------ Exercise input ------

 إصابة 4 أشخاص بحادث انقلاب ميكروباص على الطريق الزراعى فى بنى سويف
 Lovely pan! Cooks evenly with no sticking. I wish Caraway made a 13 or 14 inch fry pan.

------
------ Exercise input ------

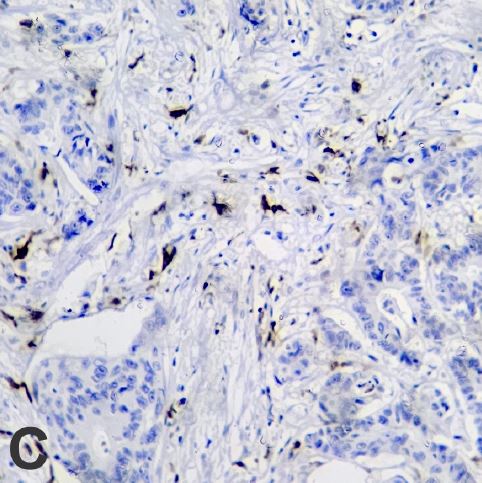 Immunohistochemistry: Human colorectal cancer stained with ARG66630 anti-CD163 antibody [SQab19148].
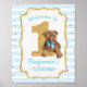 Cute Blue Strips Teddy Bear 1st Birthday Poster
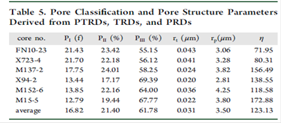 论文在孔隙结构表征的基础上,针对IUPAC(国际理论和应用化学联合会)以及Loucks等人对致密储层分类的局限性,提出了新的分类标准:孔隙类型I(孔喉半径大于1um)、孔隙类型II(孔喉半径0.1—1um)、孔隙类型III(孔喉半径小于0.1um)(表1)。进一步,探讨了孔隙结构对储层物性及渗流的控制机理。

------

What you should do>
What is needed is an exact copy of the lines above, from the one containing "إصابة 4 أشخاص" through the one containing "Lovely pan! Cooks", with nothing added.

Task result>
 إصابة 4 أشخاص بحادث انقلاب ميكروباص على الطريق الزراعى فى بنى سويف
 Lovely pan! Cooks evenly with no sticking. I wish Caraway made a 13 or 14 inch fry pan.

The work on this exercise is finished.